The only thing worse than a Stryper reunion tour is Stryper's justification for a reunion tour.

"I feel that God's hand was involved in it," frontman Michael Sweet recently told Glam-Metal.com. Maybe so, Mike, but if the Good Lord were indeed lending a hand, it surely would be to flip you the bird.

Even Christ probably prefers not to mix his rock with religion. Stryper -- four longhairs in black-and-yellow spandex, wielding Aquanet for the Almighty -- was one of the first groups to force the two together. They were platinum proselytizers, emboldened by their debut album, To Hell With the Devil, which paved the way for Scott Stapp and company a decade later. If Stryper's Christian rock sounded no worse than that of its glam-rock peers, at least Poison had the good sense to sing about getting laid.

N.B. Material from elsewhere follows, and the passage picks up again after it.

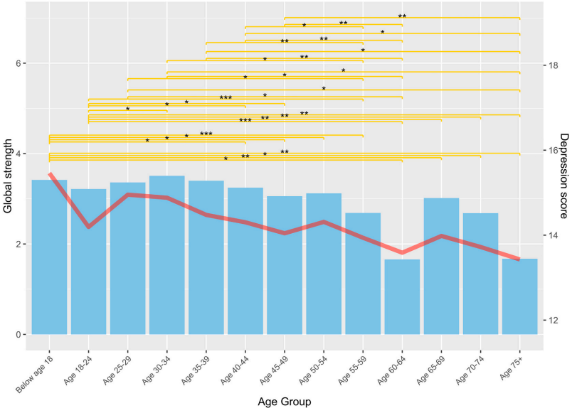 全局网络强度(GNS,可以理解为抑郁症状网络的整体紧密程度)随年龄呈现有趣的波动。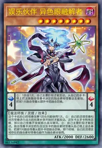 ①:以自己墓地1张「娱乐伙伴」卡或者「异色眼」卡为对象才能发动。那张卡加入手卡。那之后,这张卡破坏。

Now a spandex-free Stryper is back, for some reason other than popular demand. Its stop at the Phantasy this Friday, October 10, gives us occasion to reflect on the lamest rock reunions in recent memory. Stryper fits in admirably on this shit list:

The Dead Kennedys
Forget about lynching the landlord, let's lynch East Bay Ray, D.H. Peligro, and Klaus Flouride for resuscitating the legendary California band without Jello Biafra, its punk-politico frontman. His whining about stealing people's mail and killing the poor, shouted over jet-powered guitars, was a tad over the top; it also lent DK a sardonic edge that nobody else could match. But after a falling-out that led the remaining members to sue Biafra and his Alternative Tentacles label for back royalties (a suit the band won), Jello wanted no part of the DKs' reunion tour. And so the group enlisted former child actor Brandon Cruz, late of The Courtship of Eddie's Father. Yuck. We'd rather watch Diff'rent Strokes reruns.

Kingdom Come
After waiting two decades for a Led Zeppelin reunion, we're instead rewarded with an encore from these Page and Plant pretenders. When Kingdom Come's first single, "Get It On," dropped in 1988, many thought it marked an actual Zeppelin reunion. Turns out it was a gang of counterfeit cock-rockers, and a backlash quickly ensued (the band came to be known as Kingdom Clone). A pair of follow-up records tanked, which sent Kingdom Come off to that fertile land for washed-up rockers: Germany. They played off and on throughout the '90s, and now they're hitting the road this winter. Here's hoping this Kingdom comes and goes quickly. Or not at all.

Toto
Appropriately named after a dog, this pop-rock sextet was the Carl Lewis of crappy late '70s bands, outpacing such formidable competition as Styx, Foreigner, Kansas, and Boston. All the AOR abominations loomed large: nancy-boy vocals, masturbatory guitars, queasy keys, albums with swords on the cover. Combined with stomach-turning odes to Rosanna Arquette and dragons, it all rang with the melodic quality of an airhorn. The band is back on the road these days, following a decade of sporadic recording that no one actually ever listened to.

Thin Lizzy
There's not enough whiskey in any jar for us to buy into Thin Lizzy's amazingly half-assed stab at a reunion. Lizzy was bassist/frontman Phil Lynott; when he died, so did the band. Lynott wrote the lion's share of the material, including "The Boys Are Back in Town" -- the song that made Thin Lizzy famous. Lynott's charisma and working-class prose were the reasons to tune in. The only member of the original band that's part of the current lineup is second guitarist Scott Gorham, who had only sporadic songwriting credits throughout its run. Whitesnake wanker John Sykes is also on board, having contributed to Lizzy's lukewarm final LP, Thunder and Lightning. The band hits Peabody's on October 20 with Cleveland metal favorites Boulder, whose dual-guitar fireworks sound more like vintage Lizzy than the headliner will.